DATASET EXTRACT START

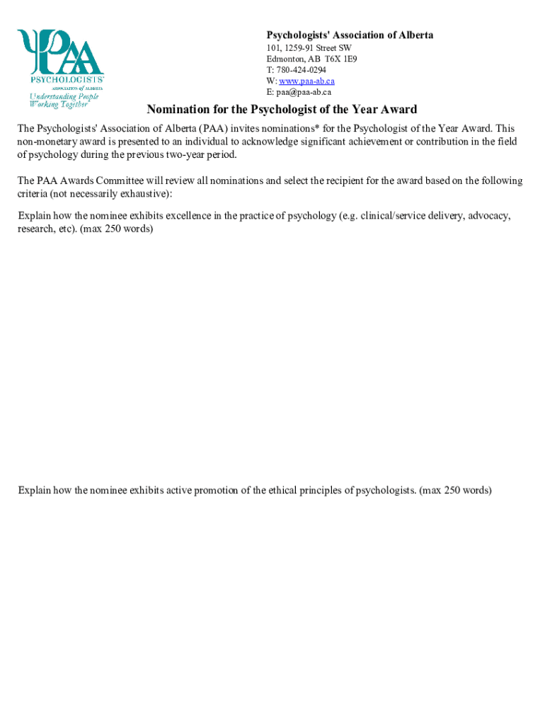 Psychologists\' Association of Alberta 101, 125991 Street SW Edmonton, AB T6X 1E9 T: 7804240294 W: www.paaab.ca E: paa@paaab.caNomination for the Psychologist of the Year Award The Psychologists\'
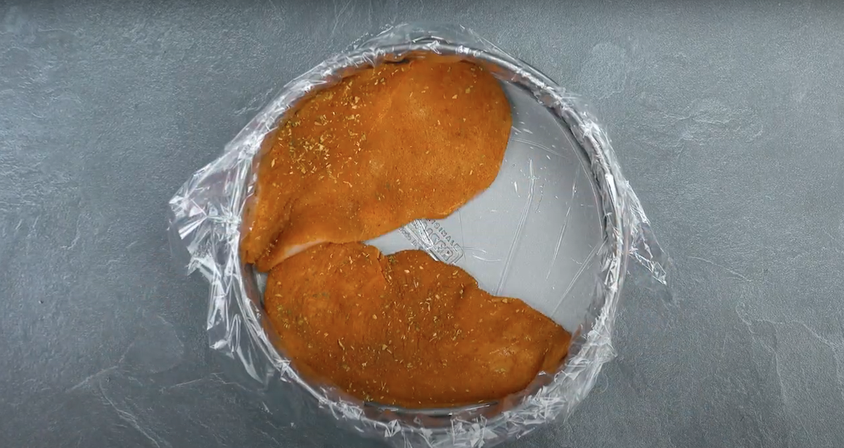 3. Lege die Kuchenform mit Klarsichtfolie aus und lege eine Schicht marinierte Hähnchenbrust-Filets in die Springform.
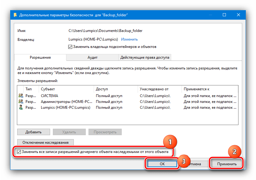Вернувшись в окно «Дополнительные параметры безопасности» отметьте так же пункт «Заменить все записи разрешений дочернего объекта наследуемыми от этого объекта». Нажмите «Ок».

DATASET EXTRACT END

▶ EXERCISE:
All of the material must be repeated exactly in the answer, apart from the pictures.

▶ RESULT BELOW:
 Psychologists\' Association of Alberta 101, 125991 Street SW Edmonton, AB T6X 1E9 T: 7804240294 W: www.paaab.ca E: paa@paaab.caNomination for the Psychologist of the Year Award The Psychologists\'
 3. Lege die Kuchenform mit Klarsichtfolie aus und lege eine Schicht marinierte Hähnchenbrust-Filets in die Springform.
Вернувшись в окно «Дополнительные параметры безопасности» отметьте так же пункт «Заменить все записи разрешений дочернего объекта наследуемыми от этого объекта». Нажмите «Ок».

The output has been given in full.